GIVEN INFORMATION Block Start
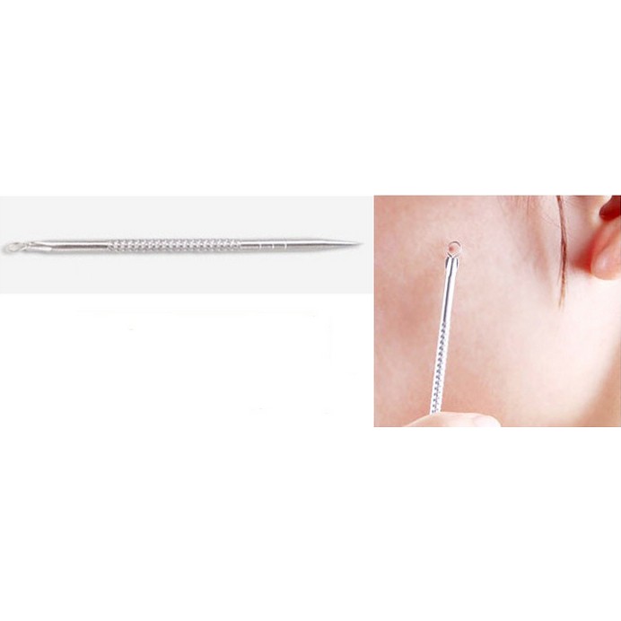 HƯỚNG DẪN SỬ DỤNG: Bước 1: chúng ta cần rửa mặt sạch bằng loại sữa rửa chúng ta hay dùng. Bước 2: làm lổ chân lông nở ra bằng cách xông hơi da mặt hay dùng khăn ấm để đắp lên mặt trong vài phút. Bước 3: vệ sinh cây nặn mụn bằng nước muối sinh lí hay chiếu tia cực tím, hay dùng cồn y tế, dùng giấy lau khô cây nặn mụn. Bước 4: chọn nốt mụn đã già ấn vừa phải, tránh ấn quá mạnh hay bị chệch là cho da bị tổn thương hay trầy xước dẫn đến tình trạng thâm, sẹo sau khi nặn mụn. Đối với phần hai bên cánh mũi, bạn nên để đầu nhọn của que nặn mụn theo hướng đi xuống. Với những đốm mụn ở trên mũi, bạn để đầu nhọn của que nặn mụn theo hướng chếch lên trên. Bước 5: sau khi đã đẩy cùi mụn ra ngoài bạn có thể dùng nước sát khuẩn được bán tại trung tâm da liễu để sát khuẩn và rửa mặt lại với sửa rửa, bạn có thể dùng thêm nước hoa hồng hoặc serum để các lổ chân lông được se khít tránh vi khuẩn vào bụi bẩn. Được thì các bạn hãy nặn mụn vào buổi tối, để tránh phần nào ánh nắng và bụi bẩn, sau khi nặn bạn bị sưng là chuyện bình thường chúng sẽ hết sau 1- 2 ngày, bạn thể kết hợp nghệ tươi để tránh thâm.
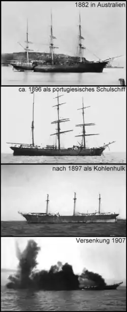 After her sale to Portugal, she was use as a naval training ship and renamed Pedro Nunes. On 13 October 1907, the Portuguese Navy towed her down the Tagus river and sunk by naval gunfire.[1]: 192
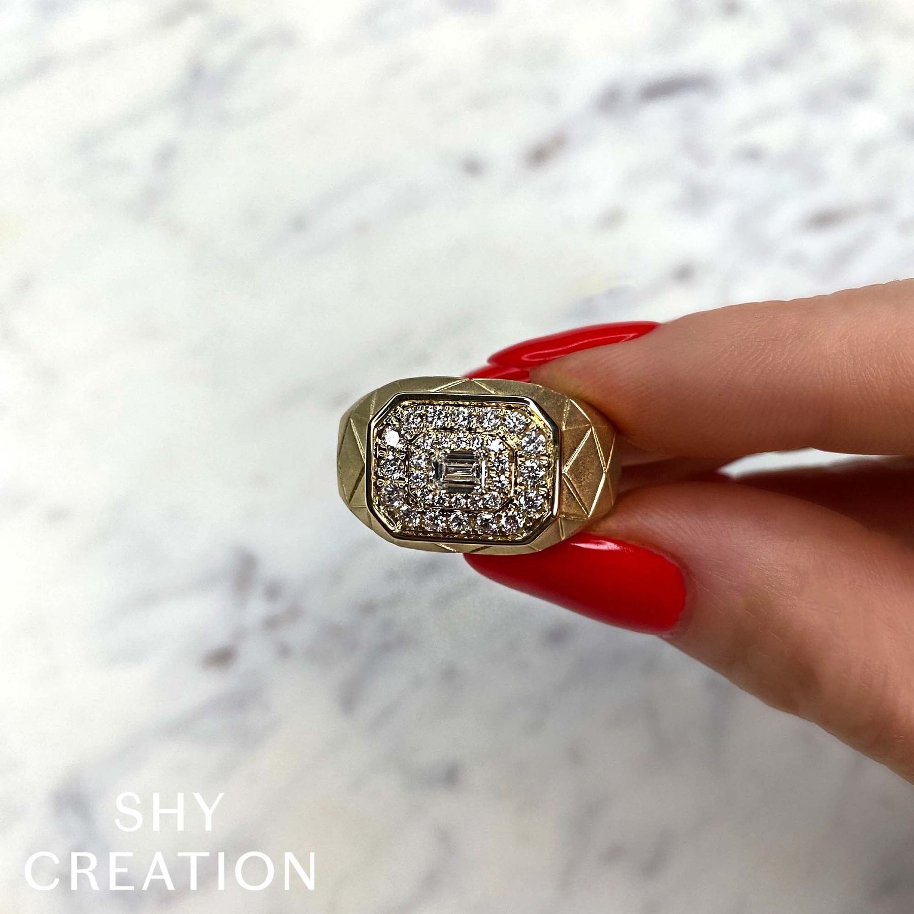 0.88CT DIAMOND EMERALD SIGNET MEN'S RING
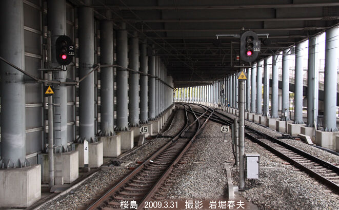 桜島駅の手前はこうなっている。
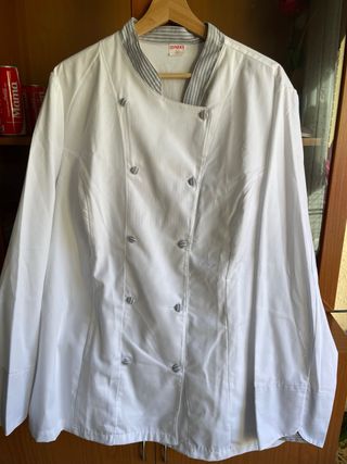 Chaqueta de cocinera talla XXLDe largo 72 cm De hombro a hombro 48 cm De axila a axila 63 cm Sin bolsillos
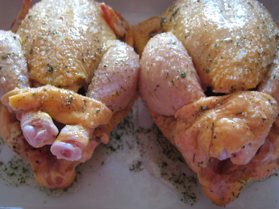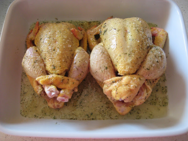 Untar los pollos tomateros con el adobo por dentro y por fuera, poner en una fuente de horno y cubrir con film, a la nevera hasta que los queramos cocinar.
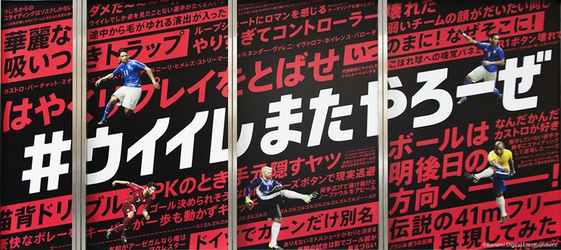 入口横には『#ウイイレまたやろーぜ』のキャッチフレーズとともに、「リプレイとばせ」などあるあるネタから「ドイツでカーンだけ別名」という大人の事情まで。
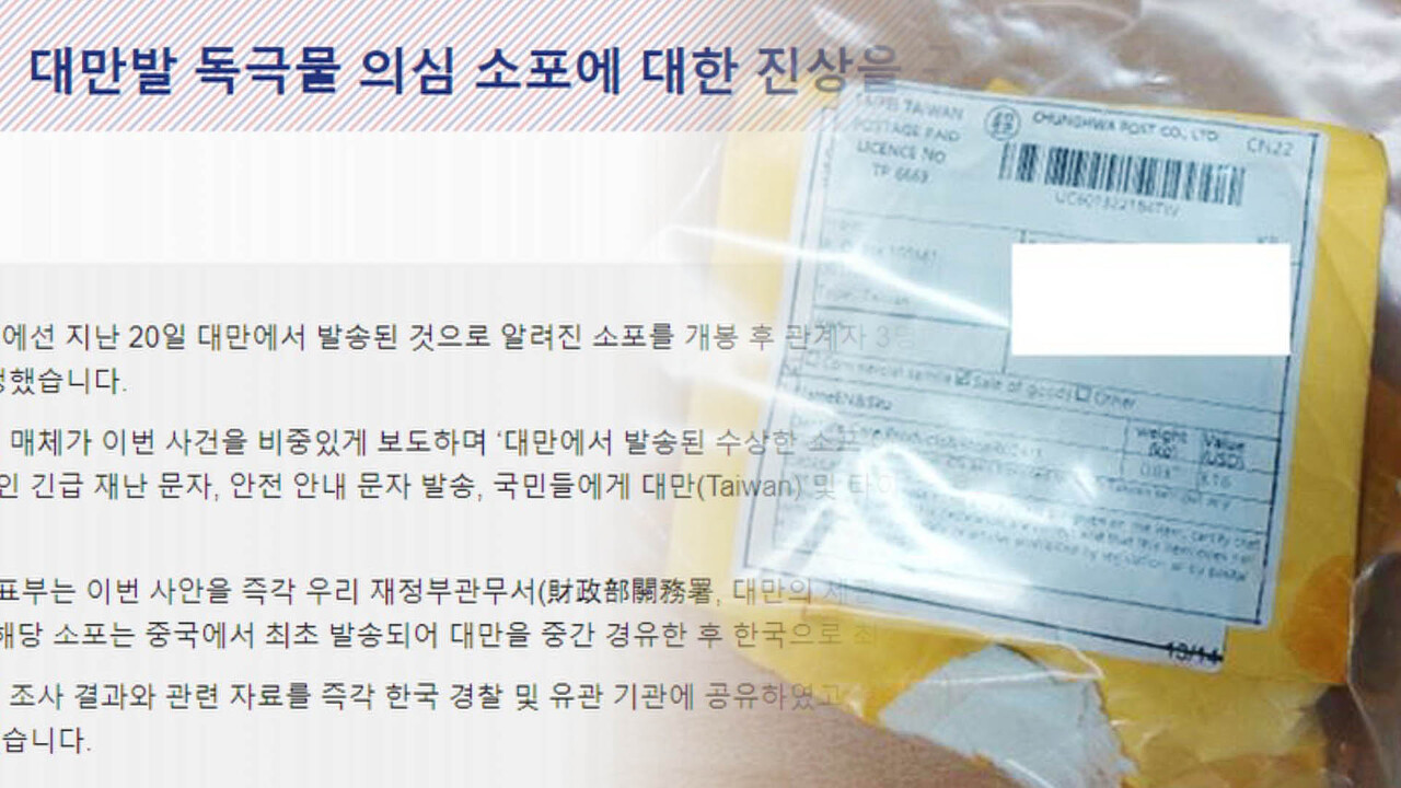 - 대만에서 온 의문의 우편물…뜯었더니 '호흡곤란·사지떨림'
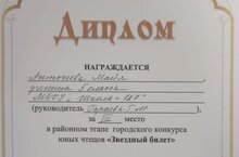 Поздравляем ученицу 5 класса Антонову Майю с Дипломом 3 степени в районном этапе городского конкурса "Звездный билет", руководитель Гараева Г.М.
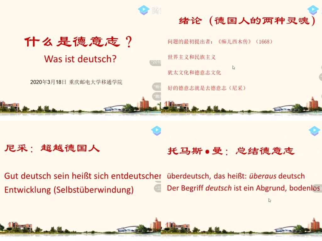 “好的德意志就是去德意志”这一个看似简单却无从说起的问题,是西方现代哲学开创者尼采的名句。南湖书院名誉院长李大雪教授系列精品课之第二期《什么是德意志》在同学们的期盼中于2020年3月18日16:00时如期而至。在这段特殊的时期里,虽然因为疫情将师生困在家里,暂时还不能返校,但是始终无法阻挡同学们对知识的渴望,对未知事物的探索。经过前期学生调研,征求意见,决定精品课由线下转移到线上,这一新的方式也更为同学们所喜爱,反响热烈,还未开讲,直播间已有许多同学上线等候,热闹非凡!
GIVEN INFORMATION Block End
Transcribe the lines above exactly, setting aside any picture among them.

 HƯỚNG DẪN SỬ DỤNG: Bước 1: chúng ta cần rửa mặt sạch bằng loại sữa rửa chúng ta hay dùng. Bước 2: làm lổ chân lông nở ra bằng cách xông hơi da mặt hay dùng khăn ấm để đắp lên mặt trong vài phút. Bước 3: vệ sinh cây nặn mụn bằng nước muối sinh lí hay chiếu tia cực tím, hay dùng cồn y tế, dùng giấy lau khô cây nặn mụn. Bước 4: chọn nốt mụn đã già ấn vừa phải, tránh ấn quá mạnh hay bị chệch là cho da bị tổn thương hay trầy xước dẫn đến tình trạng thâm, sẹo sau khi nặn mụn. Đối với phần hai bên cánh mũi, bạn nên để đầu nhọn của que nặn mụn theo hướng đi xuống. Với những đốm mụn ở trên mũi, bạn để đầu nhọn của que nặn mụn theo hướng chếch lên trên. Bước 5: sau khi đã đẩy cùi mụn ra ngoài bạn có thể dùng nước sát khuẩn được bán tại trung tâm da liễu để sát khuẩn và rửa mặt lại với sửa rửa, bạn có thể dùng thêm nước hoa hồng hoặc serum để các lổ chân lông được se khít tránh vi khuẩn vào bụi bẩn. Được thì các bạn hãy nặn mụn vào buổi tối, để tránh phần nào ánh nắng và bụi bẩn, sau khi nặn bạn bị sưng là chuyện bình thường chúng sẽ hết sau 1- 2 ngày, bạn thể kết hợp nghệ tươi để tránh thâm.
 After her sale to Portugal, she was use as a naval training ship and renamed Pedro Nunes. On 13 October 1907, the Portuguese Navy towed her down the Tagus river and sunk by naval gunfire.[1]: 192
 0.88CT DIAMOND EMERALD SIGNET MEN'S RING
 桜島駅の手前はこうなっている。
 Chaqueta de cocinera talla XXLDe largo 72 cm De hombro a hombro 48 cm De axila a axila 63 cm Sin bolsillos
 Untar los pollos tomateros con el adobo por dentro y por fuera, poner en una fuente de horno y cubrir con film, a la nevera hasta que los queramos cocinar.
 入口横には『#ウイイレまたやろーぜ』のキャッチフレーズとともに、「リプレイとばせ」などあるあるネタから「ドイツでカーンだけ別名」という大人の事情まで。
 - 대만에서 온 의문의 우편물…뜯었더니 '호흡곤란·사지떨림'
 Поздравляем ученицу 5 класса Антонову Майю с Дипломом 3 степени в районном этапе городского конкурса "Звездный билет", руководитель Гараева Г.М.
 “好的德意志就是去德意志”这一个看似简单却无从说起的问题,是西方现代哲学开创者尼采的名句。南湖书院名誉院长李大雪教授系列精品课之第二期《什么是德意志》在同学们的期盼中于2020年3月18日16:00时如期而至。在这段特殊的时期里,虽然因为疫情将师生困在家里,暂时还不能返校,但是始终无法阻挡同学们对知识的渴望,对未知事物的探索。经过前期学生调研,征求意见,决定精品课由线下转移到线上,这一新的方式也更为同学们所喜爱,反响热烈,还未开讲,直播间已有许多同学上线等候,热闹非凡!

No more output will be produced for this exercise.